Viola Leone Whitney (1892-1984) was born in Atherley, Ontario on 23 February 1892. She completed grade eight when she was eleven and graduated Orillia Collegiate at age 15. Too young to attend university, she stayed home and studied music until she tired of it. She turned to teaching and was employed in Zephyr. She entered Victoria College at the University of Toronto in 1909, where she was editor of the student literary journal, graduated in 1913, she attended the Ontario College of Education and then went on to teach in Amherstburg, Renfrew and St. Mary’s.

On 20 August 1918, she married Edwin John Pratt. They had one daughter, Mildred Claire Pratt, born in 1921.
From 1920 to 1936, the Pratt family kept a cottage in Bobcaygeon on Sturgeon Lake, where the family spent their summers.
Viola was a founding member and editor of World Friends, a magazine for children published by the Women’s Missionary Society of the United Church of Canada. She retired from her editorial position in 1955.
In the 1930s, Viola was president of the Canadian Authors’ Association.
She read to blind students at the University during and after the Second World War.
She wrote book reviews for the Globe and Mail.

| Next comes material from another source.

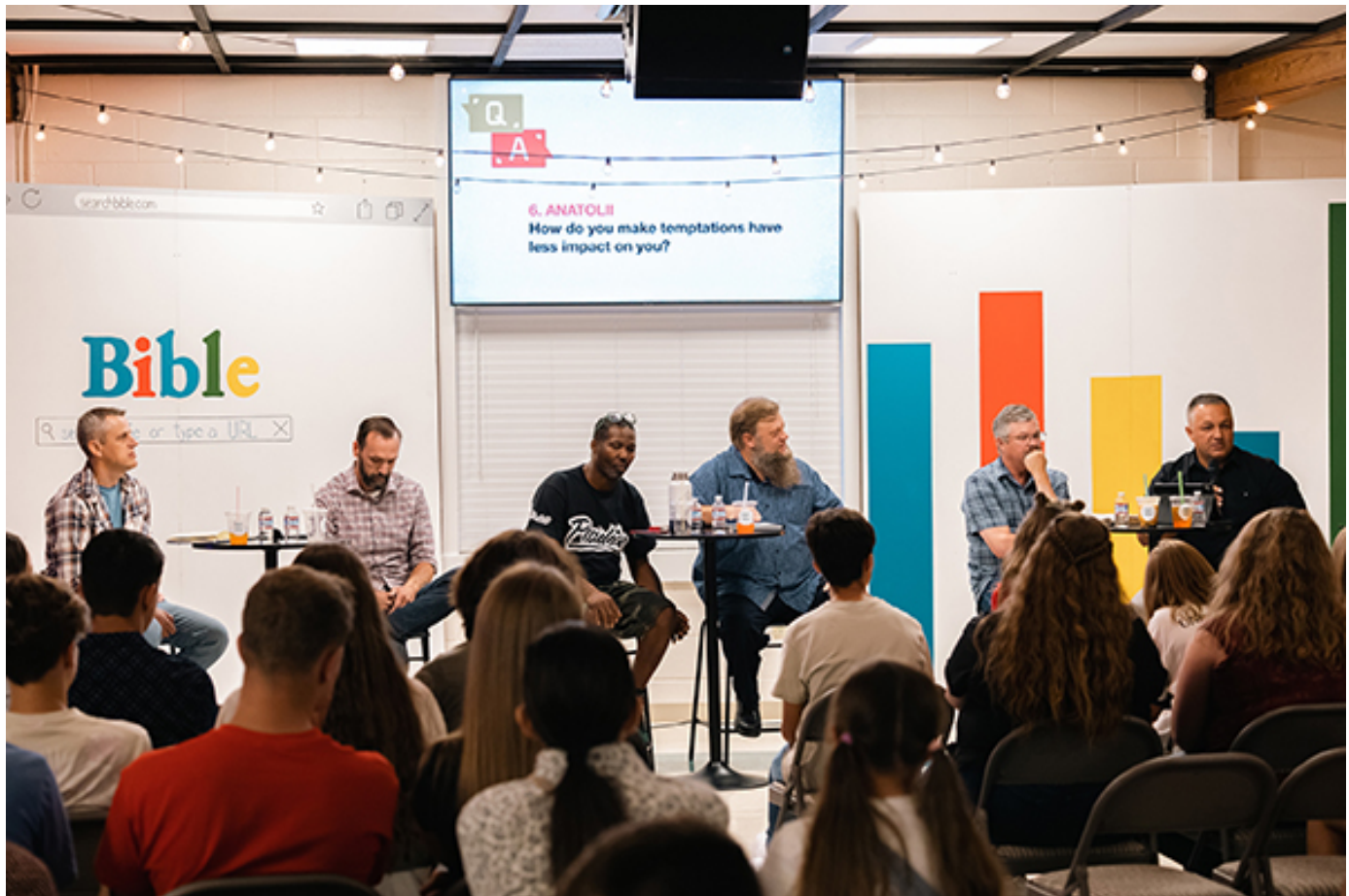
Спикеры отвечают на вопросы молодежи

Viola was an essayist and public speaker. These were collected and published in a book edited by her daughter Claire Pratt, Viola Whitney Pratt: Papers and Speeches (1990.)
In 1956, Viola was awarded an Honourary Doctorate of Sacred Letters from Victoria University.
Publications:
World Friends
One Family (1937)
Famous Doctors (1956)
Journeying with the Year: a world friends anthology, Women’s Missionary Society of Canada (1957)
Further Reading:
Viola Whitney Pratt: papers and speeches (1990), Claire Pratt.